When the chickens are 16-20 weeks old, the females start laying. To enhance their egg production, add 16%-layer feed to their diet.

They also need calcium and vitamins. Calcium helps in shell formation, and vitamin supplements improve their immunity.

Oyster shell is rich in calcium; therefore, include it in your layers’ feed in a separate container.

Like other poultry breeds, Wyandotte chickens require clean water and grit. You should ensure the water containers are clean to avoid contamination.

You can acquire soluble grit for chicks, as mature chickens use the insoluble one.


Wyandottes are large birds that require a lot of space. Four square feet of coop space is enough for one bird if you only rear this breed. 

In a mixed block where the breed interacts with more assertive and flighty varieties, increase the space to six square feet per chicken.

The birds also need 8-10 inches of roosting space.

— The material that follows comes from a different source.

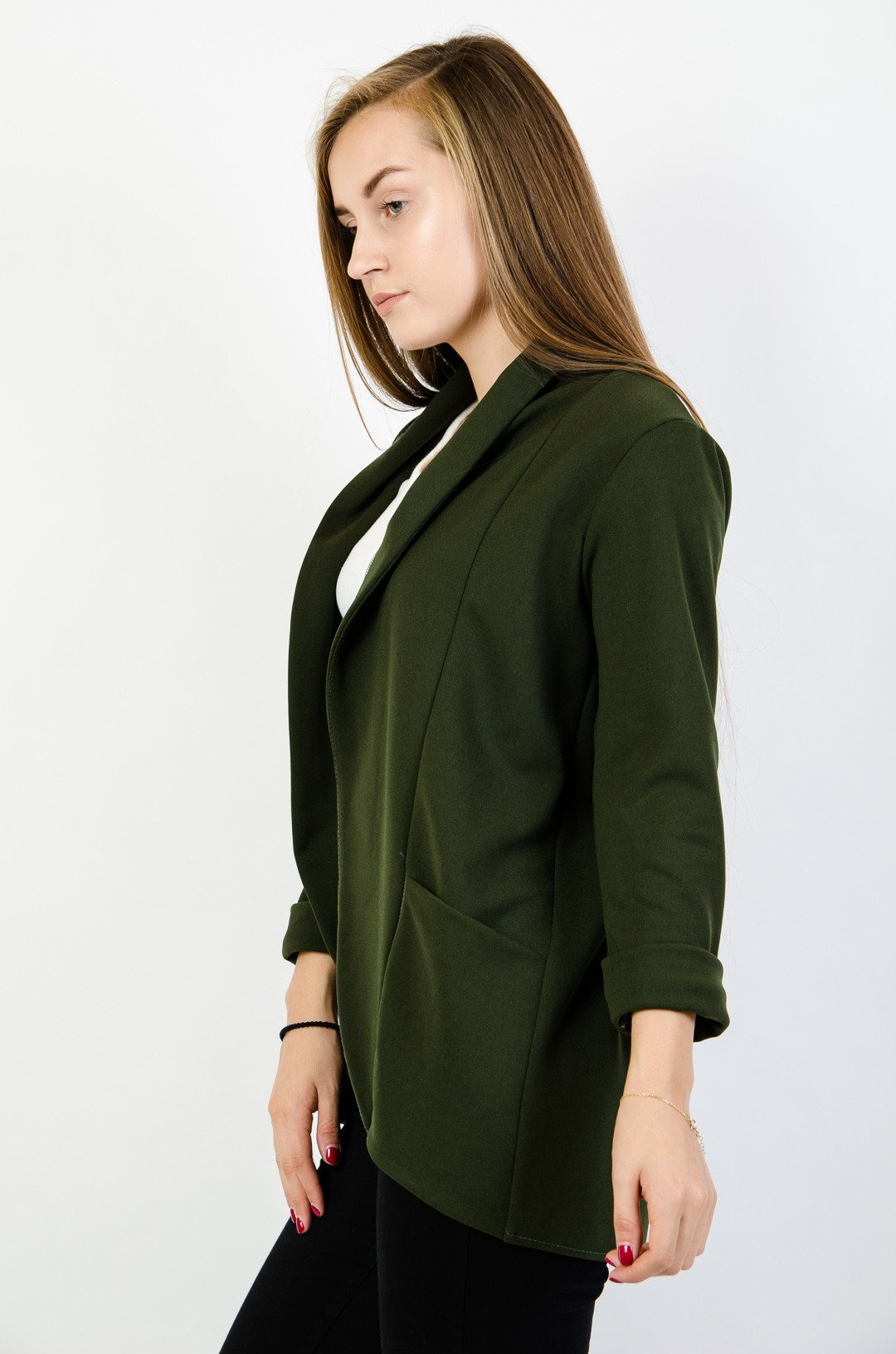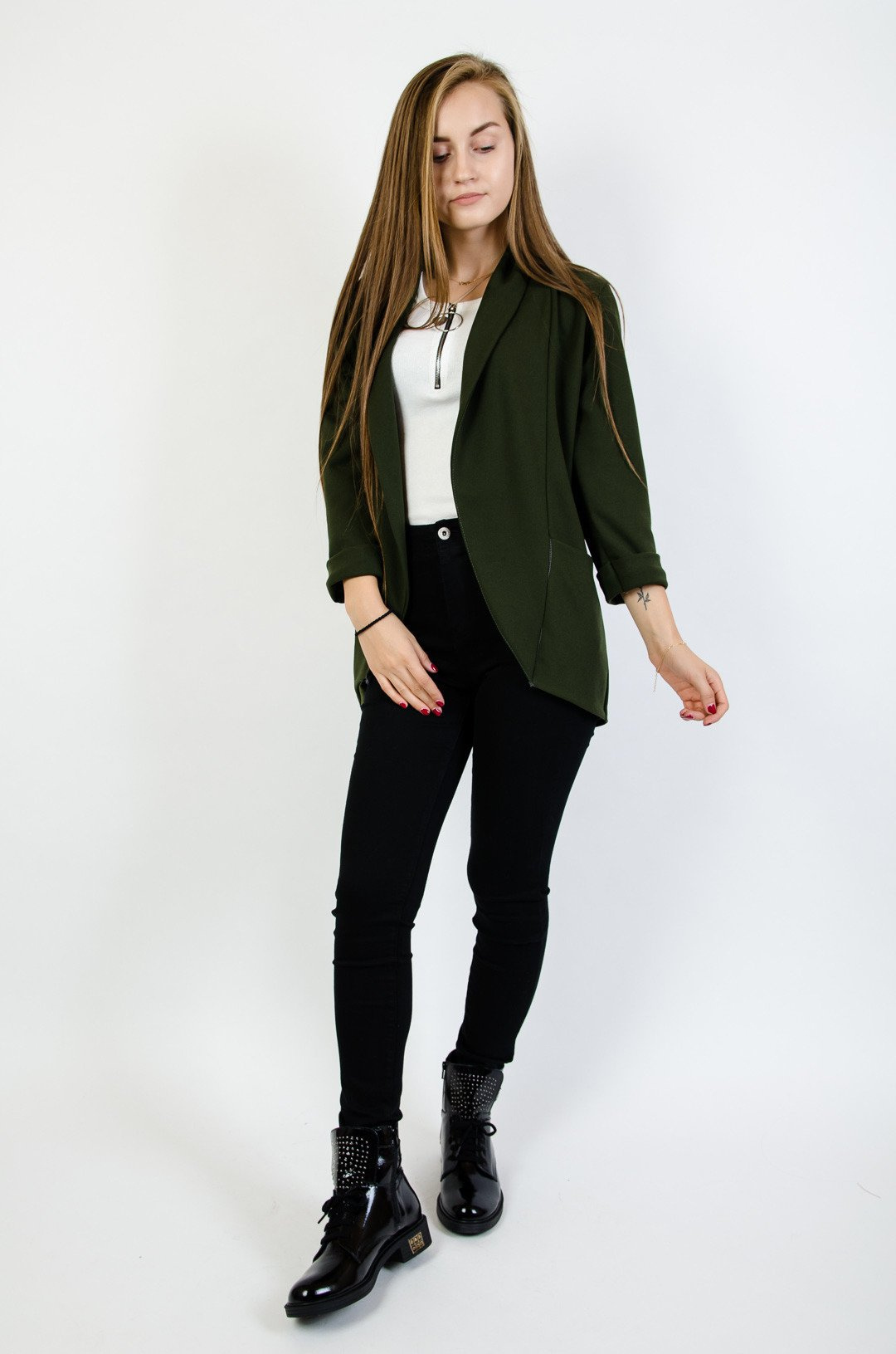 Zielona narzuta-marynarka z zakładką, podwinięte rękawy

When constructing perches, use sanded wood and ensure they are stable. The birds like cuddling during winter to keep warm, and their cumulative weight can break weak perches easily.

Since the hens are large, they require at least a square foot of nesting space. Here, they can fit well with no space for double bunking.

The Wyandottes also love roaming. Fencing their run area can help protect them against predators.

A three-foot-high fence is ideal since the birds are heavy and less flighty. The ideal amount of space for each bird in the run area is eight square feet.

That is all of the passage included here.